ディーの日記 1583年6月5日

ページ名:ディーの日記 1583年6月5日

1583年6月5日 水曜日 午後2時頃


 エドワード ケリーは、委員会が彼を硬貨偽造の罪で逮捕しようとしているという彼の兄弟トーマスがもたらした知らせと、彼の妻がブロックレーのフリーマン婦人の家から来て、ハッセー氏が彼を詐欺師であると当局に伝えており、かなり厳しく酷い報告をしていたという知らせにより、朝の9時から現在まで心が不安定になり怒り狂っていた。そして彼の妻は今はチッピング・ノートンにある母親の家へと帰っている。これらにより、余は今の彼の大きな動揺、外的に彼に向かっている難局、内的に彼の怒り狂った短気さからの神に向かっての罵りについて考え、(神の僕として行え得るためには)余ら2人によって行われるべきという神の約束全体を思い出し、大きな憐れみを抱いた。彼が今用いているような言葉遣いは、どのようなキリスト教徒もなすべきではなく、彼が示すような復讐心も抱くべきではなく、それらは余ら2人の作業を防ぐ事になり、肉体と魂の両方で大きな危険となるであろう。そのため、(神の僕として余らが一致するために)強い決意をした者の任務として、余自身と同じように彼のためになすべき事があり、余は神を慰め、助言のための我が避難所とし、この大きな苦難、誘惑の十字路における大きな助けを求めた。
 そして、余の先に述べた目的のための大いに謙遜した祈りの後に、エドワード ケリーは声を聴いた。その間、余はこの神秘が中にある水晶玉をエドワード ケリーの傍の机に(充分に敬意を抱きつつ)置いた。

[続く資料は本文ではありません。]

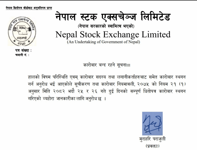काठमाडौँ । नेपाल स्टक एक्सचेञ्ज (नेप्से) दुई दिनका लागि बन्द हुने भएको छ। नेप्सेले सोमबार एक विज्ञप्ति जारी गर्दै आगामी भदौ २५ र २६ गते दुई दिन सम्पूर्ण धितोपत्र कारोबार स्थगित गरिएको जानकारी दिएको हो ।

声「光の娘らに、その衣を取るようにさせよ。彼女らのその秘密の部屋を開くようにさせよ。人の声が述べたようにである。
 汝自身を神に示せ。汝が既に約束された事を真に行え。汝の衣服を共に集めよ。病んだ者らには助けが必要だからだ。汝らは憐れみの子らであり、憐れみの腰に住む。我が述べたように、汝はそうである。そして我は述べるように、我が決意は沈む事は無い。もっとも人の子らには、我が決意は未決定であろう*1
 汝らの衣を集めよ。害毒は熟し、悪虫が百合の中へと齧って侵入しようとしているからだ。
 彼は述べている。我に彼らに示させよ。彼らは義人では無いからだ。真に我に彼らに触れさせよ。彼らは不義だからである。我は彼に力を与えたが、広める事はさせなかった。我は彼に武器を与えたが、それらは鋭くは無い。彼の指は汚されるが、まだ損なわれてはいない。我は彼に夜へと割り当てて、その言葉の前に終わりを付けているからだ。その理由はやがて知られよう。ゆえに我は彼の口を引き伸ばしている」
ケリー「私は水晶玉の近くに、人々が土塀へ向かって叩いているような大きな声を聴きました。ドンドン打ったり、引きずったり、散りばめたりといった感じです」
声「起き上がれ、真に。我は彼らの嘲りに対して復讐するからである。真に彼らは乳児である」


 長い沈黙と停止の後に、テーブルの上に(サーセネット産のシルクの縁の外側に)女のような者が現れた。彼女は赤い衣を着て、その上からはアイルランドのマントルのような白い外套を着ていた。そして頭には花冠のような緑色の丸いものと、その下には小冠をかぶっていたが、それらははっきりと見分ける事が出来なかった。彼女の胸には1つの白い宝石があり、その背中には別の宝石があった。両方の宝石は十字架の中央に置かれていた。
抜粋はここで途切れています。